* [Problem details] Retype the whole listing, please, keeping every line exact and dropping the pictures.

* [Information shown]
┏━━
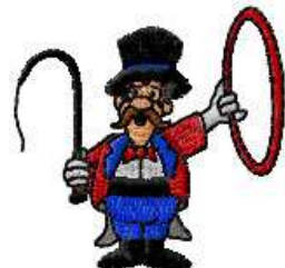
AECI 0108 / 4900 Sts
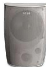
Project 640 WT
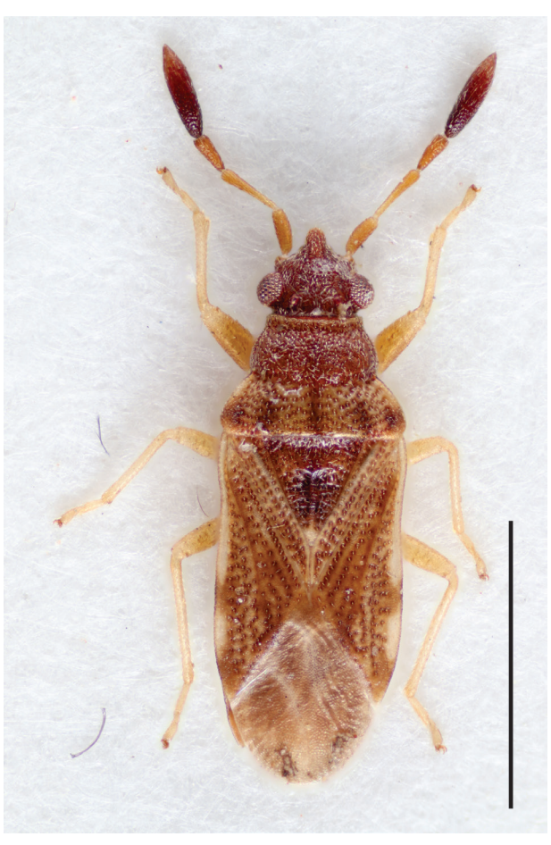
Figure 1. Malleusocoris minimus gen. nov., sp. nov. Habitus of male holotype. Scale bar: 1 mm.
┗━━
* [Task solution]
AECI 0108 / 4900 Sts
Project 640 WT
Figure 1. Malleusocoris minimus gen. nov., sp. nov. Habitus of male holotype. Scale bar: 1 mm.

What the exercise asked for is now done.